The Giant has a tad bit longer wheelbase. Both bikes weight in at just a tad over 18 LBS. 
Whats everyones opinion and knowledge about these two bikes ?


----------



## PoorInRichfield (Nov 30, 2013)

Could you post links to the exact bikes you're looking at?

In my quick search, The Salsa Warbird is a sweet bike, but so is the Giant Revolt. Assuming I found the right bikes, I noticed the Giant has carbon wheels which might explain part of the price difference.


----------



## gobylvr (May 5, 2012)

I clicked on your links and they are the correct ones. I already have a set of Boyd carbon wheels I was going to use . I also found out that on the warbird you can put a suspension fork on it you want .


----------



## J.R. (Sep 14, 2009)

I would expect the Giant to weigh less then the Salsa by an amount equal to a soul. Or in other words, the Salsa has a soul and the Giant does not.
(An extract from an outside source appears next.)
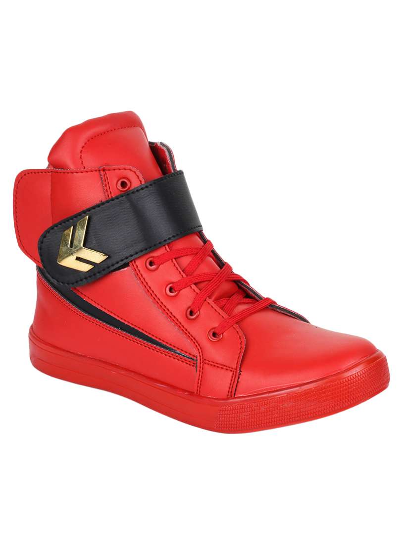 Shoetoes Men's Red High Top leatherette Sneaker Shoes- 7 UK

Mostly kidding...I didn't even look at the specs of the bikes.

I ride a Giant road bike and a Salsa gravel bike. Not really apples to apples but the Salsa makes my heart smile and the Giant is more like a useful tool.


----------



## PoorInRichfield (Nov 30, 2013)

Based purely on my _opinion_ because I haven't owned or even seen either bike...

If your existing carbon wheels fit the Salsa, that's the route I'd go. While the Giant is sweet, I don't see anything on it that would justify $1k more. 

The only other consideration is if you have a preference for Shimano or SRAM. For me, all my bikes have Shimano components so I stick with Shimano... not because it's better, but my body is used to how Shimano shifts and I have tools for Shimano.


----------



## Mosovich (Feb 3, 2004)

i've had the Revolt and now have the Warbird. You can't go wrong with the Warbird!! Literally night and day difference..


----------